Design/methodology/approach
The MATLAB App Designer model was used to generate the data set. Various combinations of wastewater quality data, such as temperature(T), TN, TP and hydraulic retention time (HRT) are used as inputs into the ANN to assess the degree of effect of each of these variables on BOD, TN, TP and TSS removal efficiency. Two of the models reflect two different types of primary treatment, while the other nine models represent different types of subsequent treatment. The ANN model’s findings are compared to the MATLAB App Designer model. For evaluating model performance, mean square error (MSE) and coefficient of determination statistics (R2) are utilized as comparative metrics.
Findings
For both training and testing, the R values for the ANN models were greater than 0.99. Based on the comparisons, it was discovered that the ANN model can be used to estimate the removal efficiency of BOD, TN, TP and TSS in WWTP and that the ANN model produces very similar and satisfying results to the APPDESIGNER model.
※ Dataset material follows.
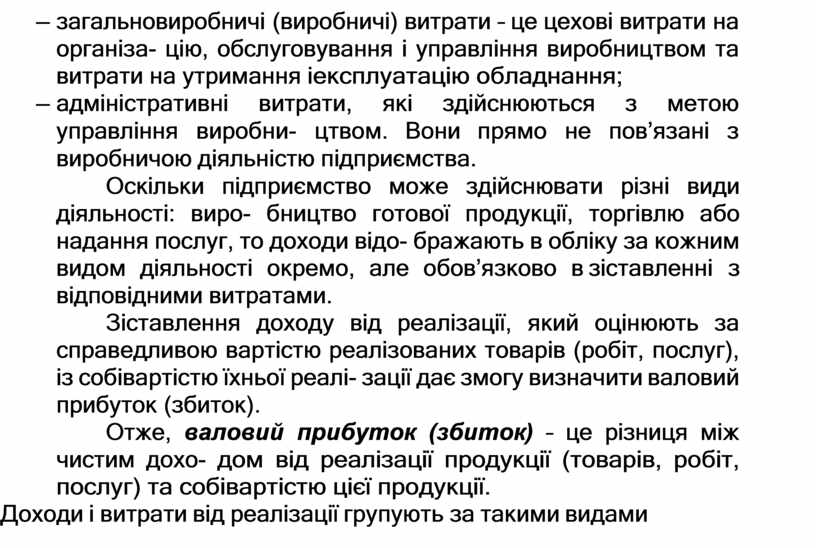 Зіставлення доходу від реалізації, який оцінюють за справедливою вартістю реалізованих товарів (робіт, послуг), із собівартістю їхньої реалі- зації дає змогу визначити валовий прибуток (збиток).

The R-value (Correlation coefficient) of 0.9909 and the MSE of 5.962 indicate that the model is accurate. Because of the many benefits of the ANN models used in this study, it has a lot of potential as a general modeling tool for a range of other complicated process systems that are difficult to solve using conventional modeling techniques.
Originality/value
The objective of this study was to develop an ANN model that could be used to estimate the removal efficiency of pollutants such as BOD, TN, TP and TSS at the effluent of various primary and secondary treatment methods in a WWTP. In the future, the ANN could be used to design a new WWTP and forecast the removal efficiency of pollutants.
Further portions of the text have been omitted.